(Entries shown begins)

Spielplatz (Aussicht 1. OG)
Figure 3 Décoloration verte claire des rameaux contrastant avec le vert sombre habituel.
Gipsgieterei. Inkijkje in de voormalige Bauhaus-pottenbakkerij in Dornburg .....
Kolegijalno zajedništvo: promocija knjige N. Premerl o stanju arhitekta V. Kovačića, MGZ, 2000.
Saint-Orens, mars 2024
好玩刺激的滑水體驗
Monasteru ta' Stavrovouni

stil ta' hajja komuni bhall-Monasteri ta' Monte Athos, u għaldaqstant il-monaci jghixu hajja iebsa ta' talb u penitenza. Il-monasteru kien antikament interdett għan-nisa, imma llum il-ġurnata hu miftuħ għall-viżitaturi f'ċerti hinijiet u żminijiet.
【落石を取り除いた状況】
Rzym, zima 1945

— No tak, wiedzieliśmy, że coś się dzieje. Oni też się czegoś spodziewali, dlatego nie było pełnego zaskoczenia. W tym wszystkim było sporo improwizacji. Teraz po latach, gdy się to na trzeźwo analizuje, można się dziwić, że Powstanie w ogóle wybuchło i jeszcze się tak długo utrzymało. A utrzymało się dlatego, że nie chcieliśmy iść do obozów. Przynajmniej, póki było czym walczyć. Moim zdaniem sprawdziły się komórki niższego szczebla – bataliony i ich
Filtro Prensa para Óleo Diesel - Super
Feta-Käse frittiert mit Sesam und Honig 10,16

(Entries shown ends)
(Entries shown begins)

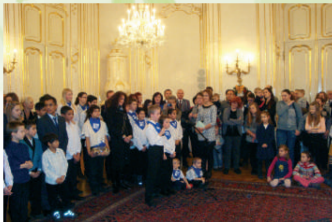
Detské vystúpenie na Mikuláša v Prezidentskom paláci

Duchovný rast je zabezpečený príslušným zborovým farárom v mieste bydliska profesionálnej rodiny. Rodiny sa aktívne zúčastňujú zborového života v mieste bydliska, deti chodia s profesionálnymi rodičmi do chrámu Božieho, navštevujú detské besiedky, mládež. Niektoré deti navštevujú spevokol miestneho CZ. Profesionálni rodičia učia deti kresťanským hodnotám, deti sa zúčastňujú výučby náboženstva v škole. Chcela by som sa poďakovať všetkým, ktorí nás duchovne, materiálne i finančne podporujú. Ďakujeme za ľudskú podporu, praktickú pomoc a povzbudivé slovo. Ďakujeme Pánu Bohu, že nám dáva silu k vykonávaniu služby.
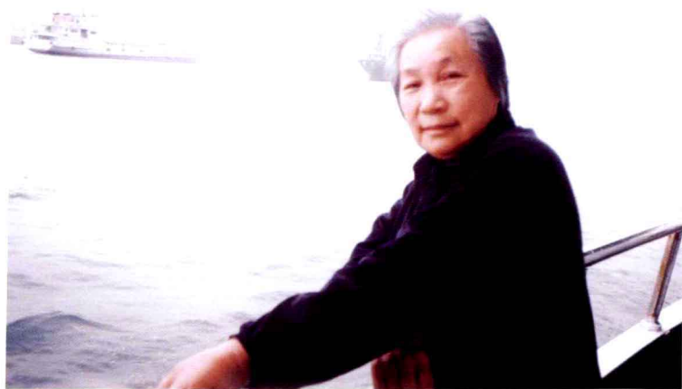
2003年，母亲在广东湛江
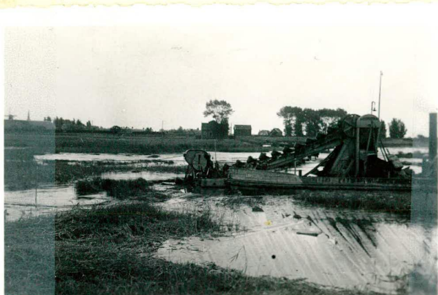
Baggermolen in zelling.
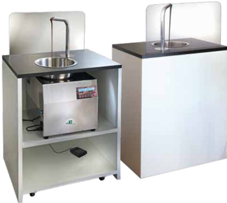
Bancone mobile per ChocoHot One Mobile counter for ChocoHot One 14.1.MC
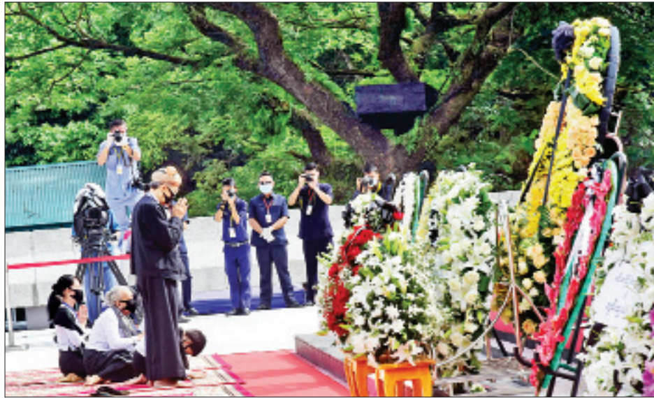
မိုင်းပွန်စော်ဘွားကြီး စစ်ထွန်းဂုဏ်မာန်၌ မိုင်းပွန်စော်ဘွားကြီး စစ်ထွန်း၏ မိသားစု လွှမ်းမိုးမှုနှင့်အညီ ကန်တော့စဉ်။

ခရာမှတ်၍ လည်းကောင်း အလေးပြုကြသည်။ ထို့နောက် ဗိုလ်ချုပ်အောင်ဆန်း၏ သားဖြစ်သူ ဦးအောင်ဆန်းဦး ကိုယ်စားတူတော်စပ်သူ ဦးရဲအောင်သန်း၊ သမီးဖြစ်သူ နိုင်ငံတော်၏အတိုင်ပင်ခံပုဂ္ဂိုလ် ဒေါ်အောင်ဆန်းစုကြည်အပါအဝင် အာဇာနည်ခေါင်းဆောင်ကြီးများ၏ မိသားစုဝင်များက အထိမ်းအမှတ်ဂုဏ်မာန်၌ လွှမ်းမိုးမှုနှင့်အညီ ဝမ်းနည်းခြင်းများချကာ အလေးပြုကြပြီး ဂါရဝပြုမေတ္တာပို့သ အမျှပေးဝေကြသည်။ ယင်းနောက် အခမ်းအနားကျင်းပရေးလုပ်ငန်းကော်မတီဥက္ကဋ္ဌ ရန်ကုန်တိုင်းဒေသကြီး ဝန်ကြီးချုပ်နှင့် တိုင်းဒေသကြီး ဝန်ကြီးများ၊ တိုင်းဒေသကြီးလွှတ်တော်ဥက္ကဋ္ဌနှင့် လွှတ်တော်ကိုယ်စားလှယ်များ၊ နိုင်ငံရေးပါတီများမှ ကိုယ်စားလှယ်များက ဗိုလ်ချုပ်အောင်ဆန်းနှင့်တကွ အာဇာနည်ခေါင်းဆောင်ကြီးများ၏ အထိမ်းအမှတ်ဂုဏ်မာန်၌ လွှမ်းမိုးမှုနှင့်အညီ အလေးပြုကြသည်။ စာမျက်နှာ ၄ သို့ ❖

(Entries shown ends)
(Entries shown begins)

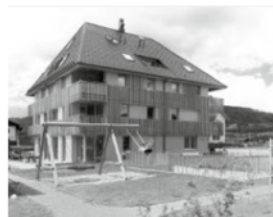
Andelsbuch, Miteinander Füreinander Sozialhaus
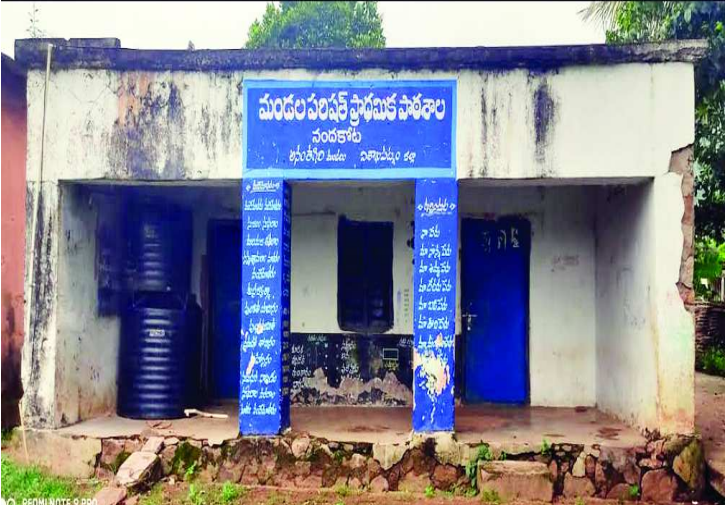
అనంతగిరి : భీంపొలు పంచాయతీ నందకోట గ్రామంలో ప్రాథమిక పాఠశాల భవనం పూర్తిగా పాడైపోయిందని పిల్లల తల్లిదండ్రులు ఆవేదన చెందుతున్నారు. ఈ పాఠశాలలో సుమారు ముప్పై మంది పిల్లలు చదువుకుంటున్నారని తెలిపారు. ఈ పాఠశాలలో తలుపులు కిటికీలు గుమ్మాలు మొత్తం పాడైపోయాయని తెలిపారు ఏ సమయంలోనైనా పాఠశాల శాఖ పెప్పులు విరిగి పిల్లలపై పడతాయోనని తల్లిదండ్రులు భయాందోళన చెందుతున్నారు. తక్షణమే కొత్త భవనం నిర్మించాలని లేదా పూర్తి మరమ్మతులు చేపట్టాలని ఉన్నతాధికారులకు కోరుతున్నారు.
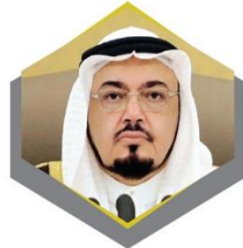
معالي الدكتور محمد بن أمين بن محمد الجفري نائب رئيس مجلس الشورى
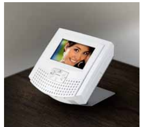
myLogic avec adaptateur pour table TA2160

(Entries shown ends)

■ **Task details**:
Tell how many lines of the data contain "avec". Nothing but the number belongs in the reply.

■ **Result of this exercise**:
2